His fingers were in her hair, pulling her close. She breathed in his scent, arms slipping around him.

“I ran out of patience—and postcards—last week. I was here to beg, grovel, do whatever I needed to do to get you back into my life. We can take it slow, or we can drive to Vegas tonight and get married. But please, Peaches, just tell me you will be with me.”

She smiled. “Yes. Like you said, we’ll work out the details as we go. But...yes.”

His arms wrapped around her hips, pulling her up to him so he could kiss her. Gently. Reverently. Kisses that stole her breath. Stole her heart.

“As much as I’d like to stay here doing this for the rest of the night—hell, the rest of my life—there’s something nibbling on my ankle.”

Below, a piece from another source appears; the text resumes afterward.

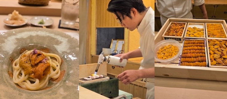 I was in Japanese culinary heaven the other night when I discovered through my Thai food guru, Nong, the most wonderful sushi restaurant specialising in my favourite food, uni (or sea urchin.) A small 10 seater counter where the chef just keeps making sushi as he pleases and tops them off with uni from all over Japan. The experience was so mind blowing, I am still dreaming of it!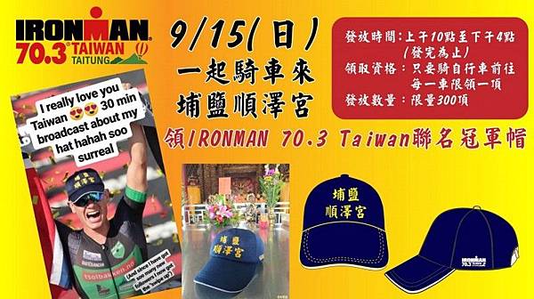 台灣人的驕傲!供奉玄天上帝的彰化縣埔鹽鄉順澤宮,廟方推出「進香帽」的宮帽,因為挪威3鐵選手艾登(Gustav Iden)頭戴這頂宮帽,今年9月8日奪下在法國尼斯舉辦世錦賽的3鐵世界冠軍,冠軍神帽之名一夕間在全球網路世界爆紅 https://is.gd/pVY6dS

Natalie giggled. “That would be Cream. I think you’re to blame for him.”

A smile full of reverence softened his face. “I’ll take the blame for anything that causes you to make that sound and your face to light up like that. I plan to take every bad memory you have and replace each one with a dozen new good ones.”

He set Natalie down so she could pick up Cream.

“That might take a long time.”

He kissed her. “That’s okay, Peaches.” Then smiled at the pup who was busy licking both their faces. “And Cream. We’ve got forever.”